# [About this exercise]
Below are records with pictures. Reproduce exactly the lines from the line with "来自印度尼西亚的2021级本" to the line with "tower 山崎実業 伸縮キャリーケース上ラック", inclusive, and leave each picture out.

Given data: Begin

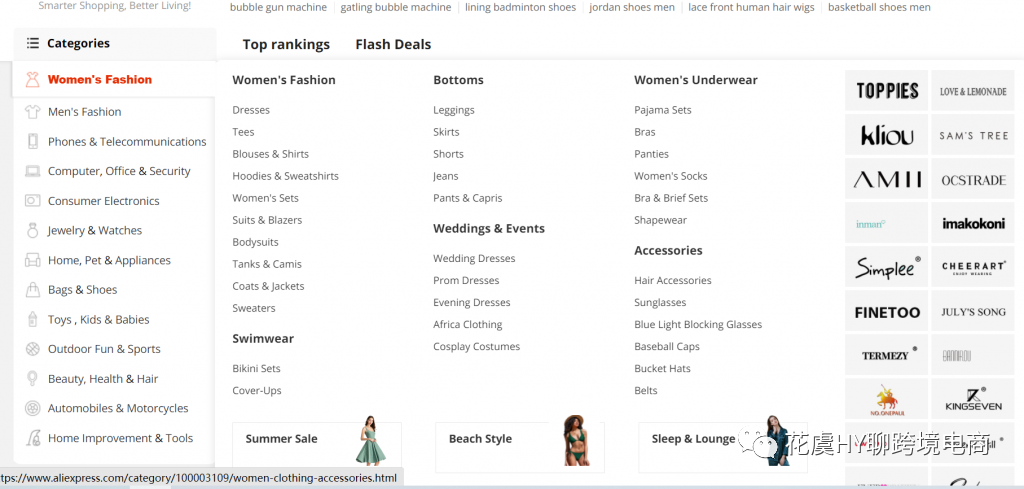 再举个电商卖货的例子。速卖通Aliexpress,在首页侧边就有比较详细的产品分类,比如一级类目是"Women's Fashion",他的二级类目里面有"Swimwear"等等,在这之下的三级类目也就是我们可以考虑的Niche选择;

Given data: End
Given data: Begin

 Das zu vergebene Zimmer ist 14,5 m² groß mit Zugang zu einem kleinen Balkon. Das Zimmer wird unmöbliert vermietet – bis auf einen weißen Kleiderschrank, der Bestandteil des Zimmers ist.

Given data: End
Given data: Begin

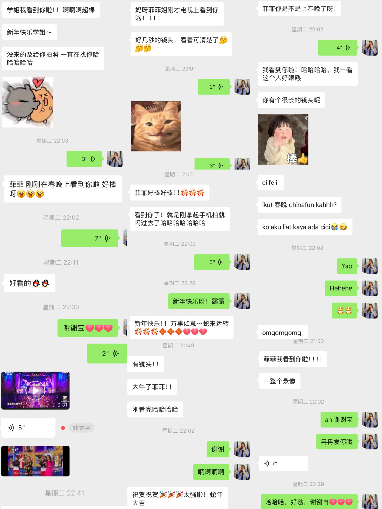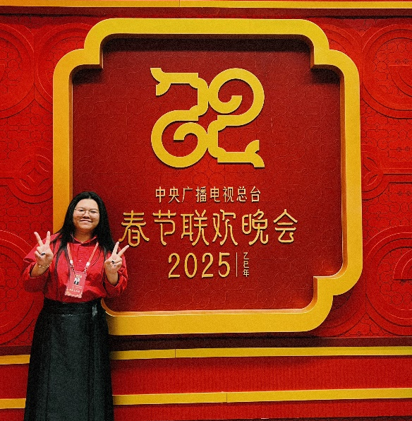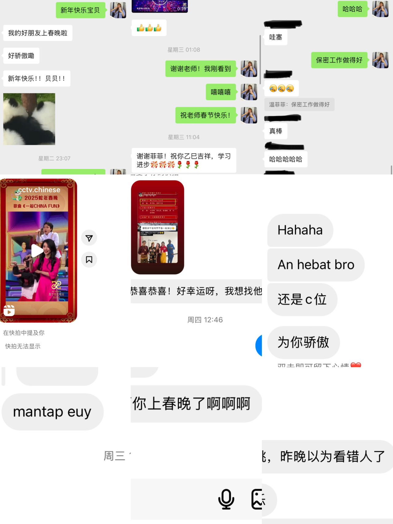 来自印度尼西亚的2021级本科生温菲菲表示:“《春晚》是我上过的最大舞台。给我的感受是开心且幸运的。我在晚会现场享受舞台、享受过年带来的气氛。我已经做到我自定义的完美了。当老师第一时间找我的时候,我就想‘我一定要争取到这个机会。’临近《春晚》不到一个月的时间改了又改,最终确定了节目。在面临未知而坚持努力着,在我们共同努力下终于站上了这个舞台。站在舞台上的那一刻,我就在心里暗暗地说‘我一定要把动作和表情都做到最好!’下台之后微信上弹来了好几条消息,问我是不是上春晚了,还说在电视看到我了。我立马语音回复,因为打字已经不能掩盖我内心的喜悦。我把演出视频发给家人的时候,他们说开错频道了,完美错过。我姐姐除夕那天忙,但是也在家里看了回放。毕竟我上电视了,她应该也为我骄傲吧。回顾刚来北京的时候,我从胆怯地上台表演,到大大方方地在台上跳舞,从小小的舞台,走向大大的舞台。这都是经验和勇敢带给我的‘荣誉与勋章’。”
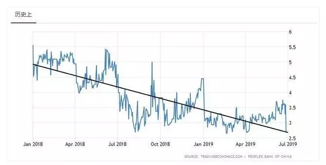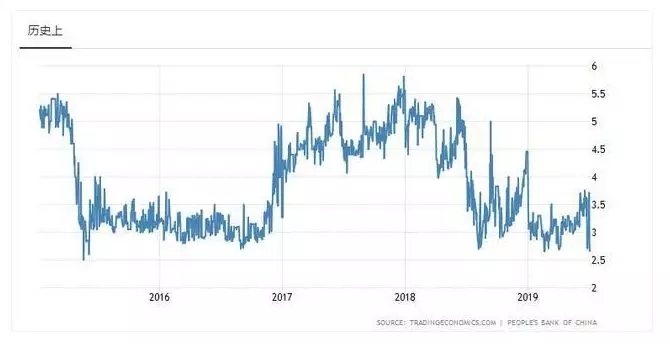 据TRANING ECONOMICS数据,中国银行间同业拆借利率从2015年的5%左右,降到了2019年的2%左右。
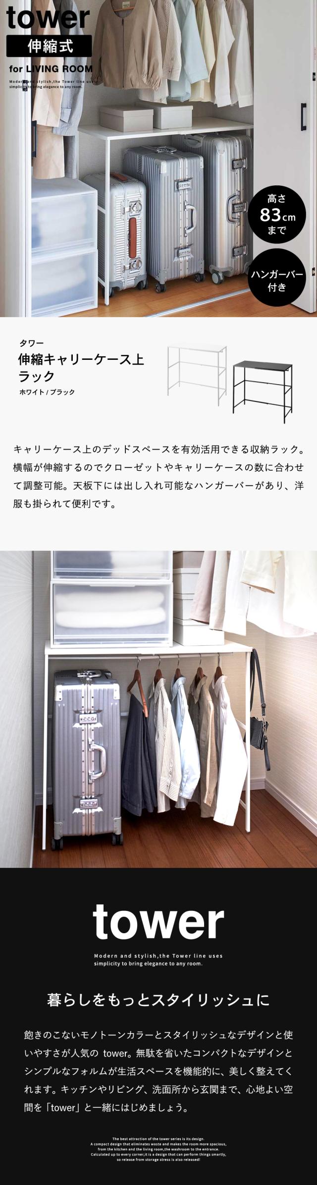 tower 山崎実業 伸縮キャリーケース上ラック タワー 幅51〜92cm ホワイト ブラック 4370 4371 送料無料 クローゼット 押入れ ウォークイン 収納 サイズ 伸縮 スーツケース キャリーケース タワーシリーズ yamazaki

Given data: End

# [Task result]
 来自印度尼西亚的2021级本科生温菲菲表示:“《春晚》是我上过的最大舞台。给我的感受是开心且幸运的。我在晚会现场享受舞台、享受过年带来的气氛。我已经做到我自定义的完美了。当老师第一时间找我的时候,我就想‘我一定要争取到这个机会。’临近《春晚》不到一个月的时间改了又改,最终确定了节目。在面临未知而坚持努力着,在我们共同努力下终于站上了这个舞台。站在舞台上的那一刻,我就在心里暗暗地说‘我一定要把动作和表情都做到最好!’下台之后微信上弹来了好几条消息,问我是不是上春晚了,还说在电视看到我了。我立马语音回复,因为打字已经不能掩盖我内心的喜悦。我把演出视频发给家人的时候,他们说开错频道了,完美错过。我姐姐除夕那天忙,但是也在家里看了回放。毕竟我上电视了,她应该也为我骄傲吧。回顾刚来北京的时候,我从胆怯地上台表演,到大大方方地在台上跳舞,从小小的舞台,走向大大的舞台。这都是经验和勇敢带给我的‘荣誉与勋章’。”
 据TRANING ECONOMICS数据,中国银行间同业拆借利率从2015年的5%左右,降到了2019年的2%左右。
 tower 山崎実業 伸縮キャリーケース上ラック タワー 幅51〜92cm ホワイト ブラック 4370 4371 送料無料 クローゼット 押入れ ウォークイン 収納 サイズ 伸縮 スーツケース キャリーケース タワーシリーズ yamazaki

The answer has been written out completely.